DATA EXCERPTS Block Start

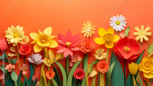 A cheerful paper flower bouquet with daffodils tulips and daisies in vibrant yellow orange and red shades.
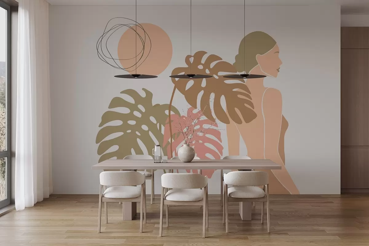 Wall murals Silhouette of a woman near tropical leaves Nr. w05192v1
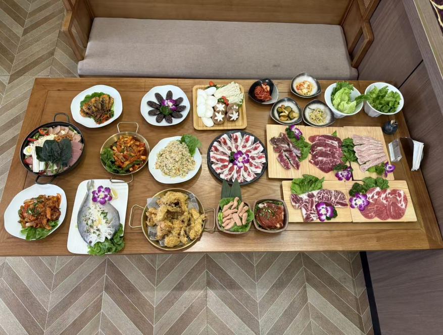 598元套餐(多人):牛五花、雪花牛板腱、LA 牛排、部隊火鍋、整只炸雞等韓式經典,搭配南瓜湯、水果茶、生菜無限續,聚餐氛圍熱烈。
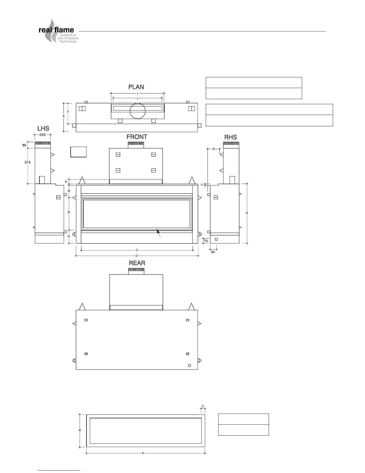 Real Flame LANDSCAPE BALANCED - Landscape 1600 Dimensions; Main Unit Dimensions; Trim Dimensions
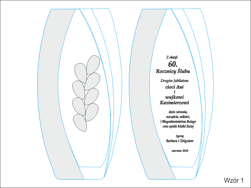 Istnieje możliwość graweru dedykacji wg indywidualnych ustaleń i projektu lub wg jednego ze wzorów.
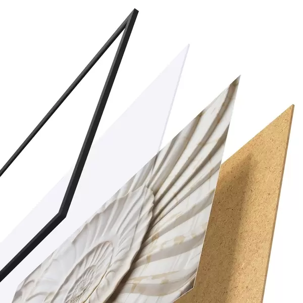 Das Poster besteht aus einem Rahmen, Plexiglas, einem gedruckten Bild und einer Rückwand aus Spanplatten. Dank der Halterungen auf der Rückseite kann das Poster sofort an die Wand gehängt werden.
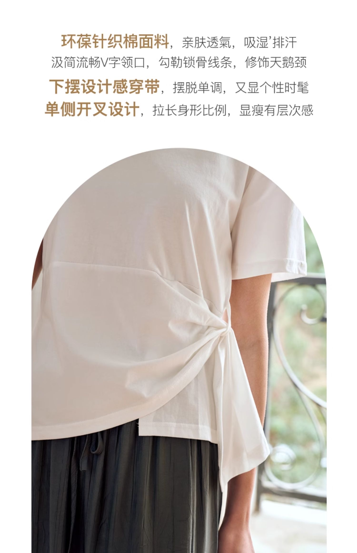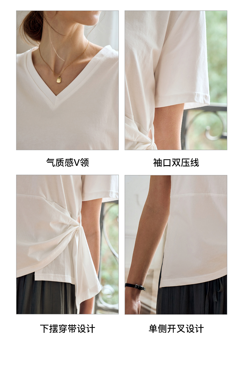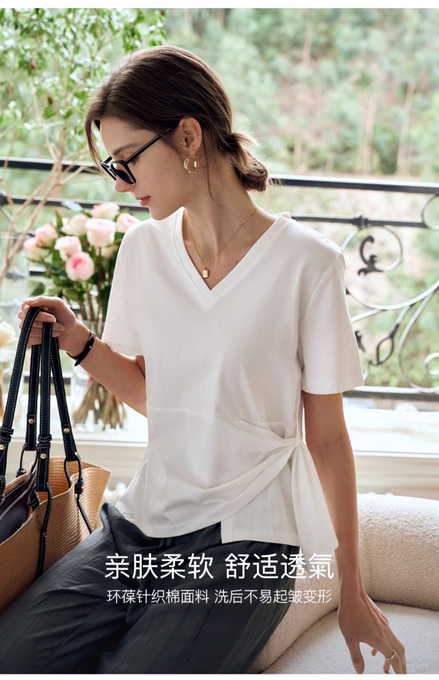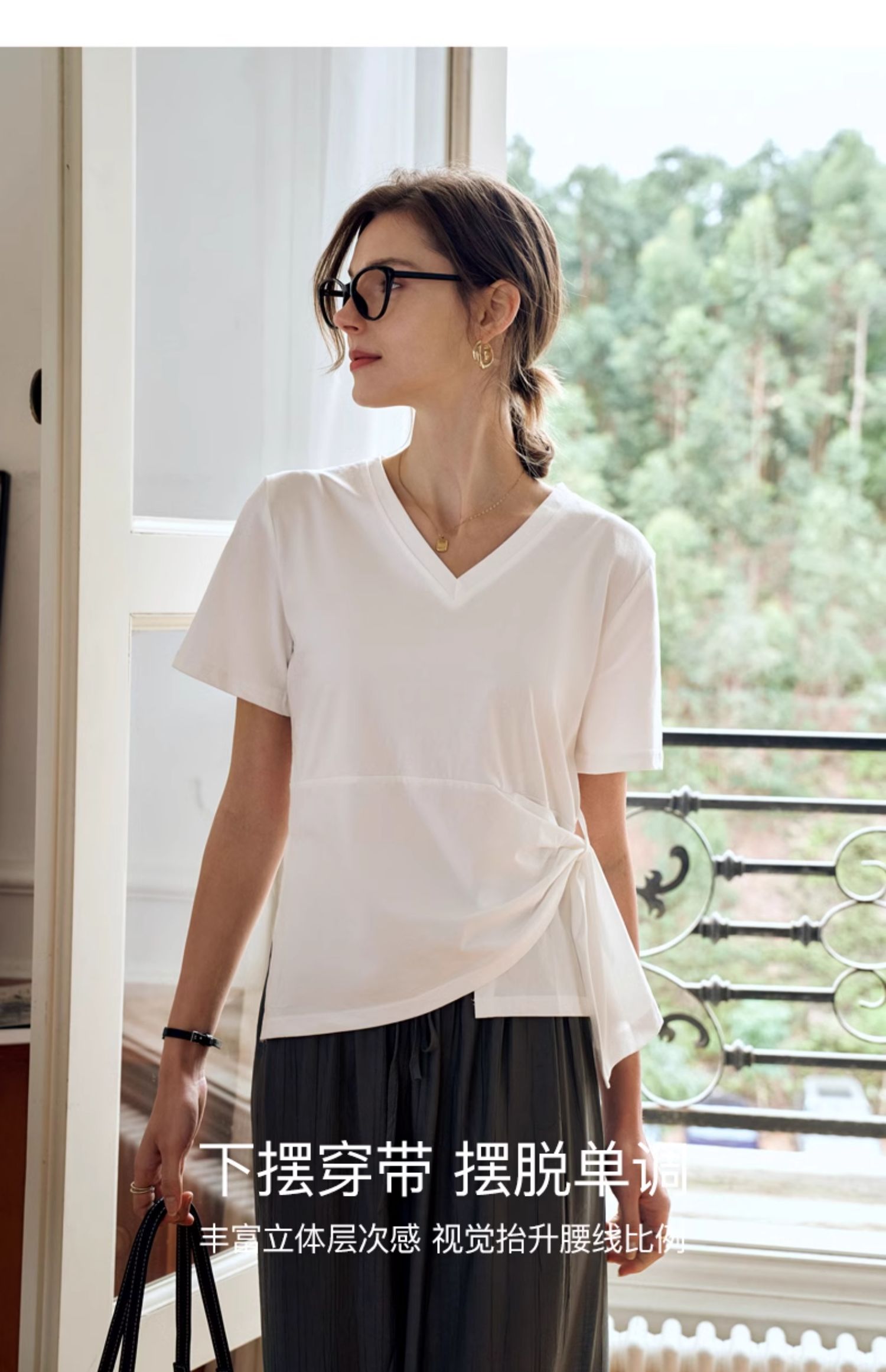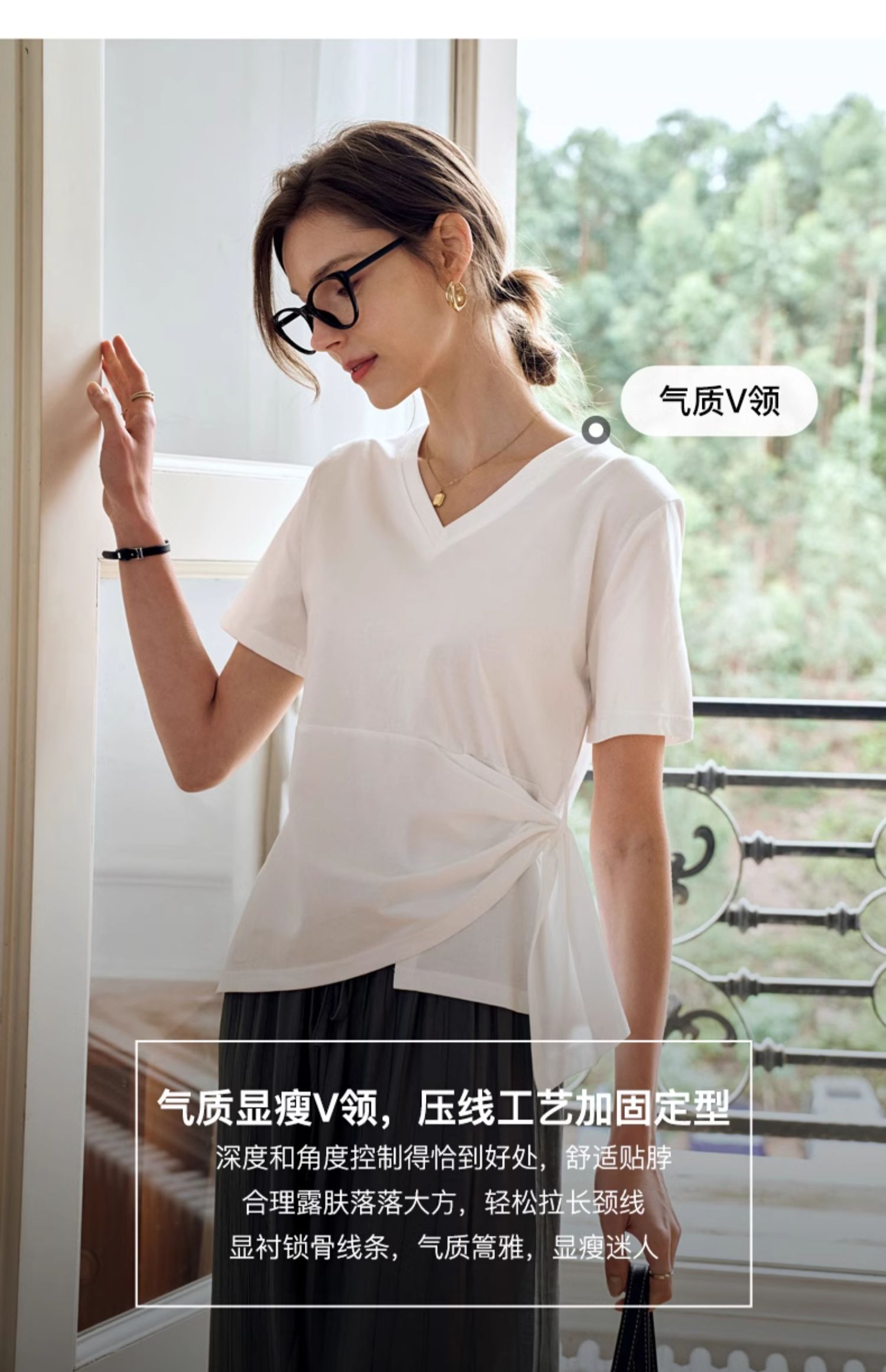 OLrain欧芮儿米白色T恤女夏季2024年新款百搭V领设计感短袖上衣
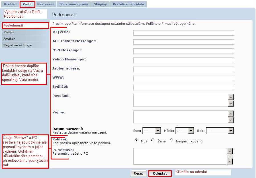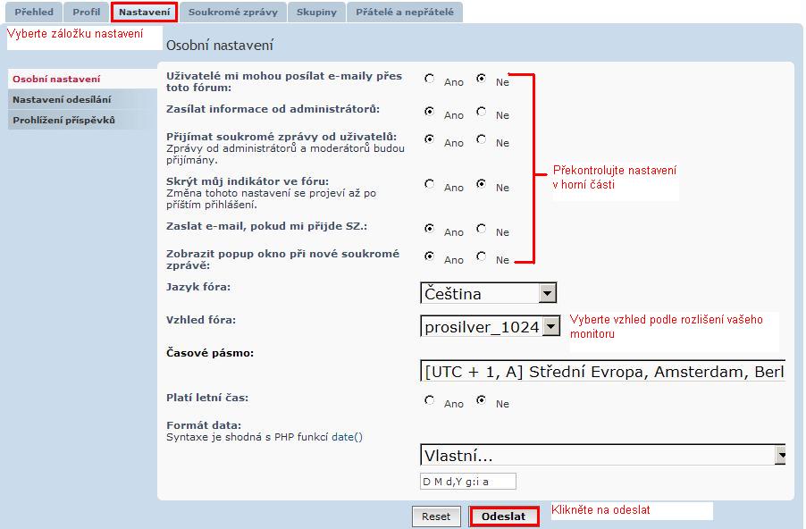 - Kontrola osobního nastavení fóra než začnete první příspěvek
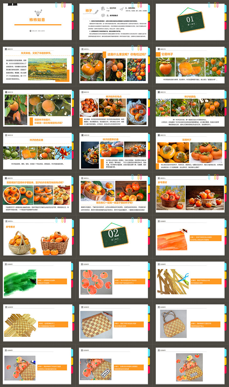 我们运用剪贴的方式并结合简单的手工表现出装满柿子的竹筐,将卡纸剪成相同大小的长条交织在一起编织出篮子的质感并裁剪成篮子的形状,编织时感受线条的节奏感和韵律感,将柿子粘贴在竹篮里,注意物体之间的前后遮挡关系。
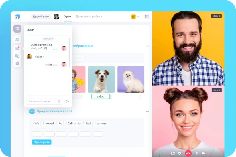 Индивидуальные онлайн-уроки в виртуальном классе c видеосвязью и работой с контентом в реальном времени.

DATA EXCERPTS Block End

#### [AIM OF THE EXERCISE]
Retype word for word the span of lines above that begins with the line containing "Istnieje możliwość graweru" and ends with the last line of the records; skip all pictures.

#### [RESPONSE]
 Istnieje możliwość graweru dedykacji wg indywidualnych ustaleń i projektu lub wg jednego ze wzorów.
 Das Poster besteht aus einem Rahmen, Plexiglas, einem gedruckten Bild und einer Rückwand aus Spanplatten. Dank der Halterungen auf der Rückseite kann das Poster sofort an die Wand gehängt werden.
 OLrain欧芮儿米白色T恤女夏季2024年新款百搭V领设计感短袖上衣
 - Kontrola osobního nastavení fóra než začnete první příspěvek
 我们运用剪贴的方式并结合简单的手工表现出装满柿子的竹筐,将卡纸剪成相同大小的长条交织在一起编织出篮子的质感并裁剪成篮子的形状,编织时感受线条的节奏感和韵律感,将柿子粘贴在竹篮里,注意物体之间的前后遮挡关系。
 Индивидуальные онлайн-уроки в виртуальном классе c видеосвязью и работой с контентом в реальном времени.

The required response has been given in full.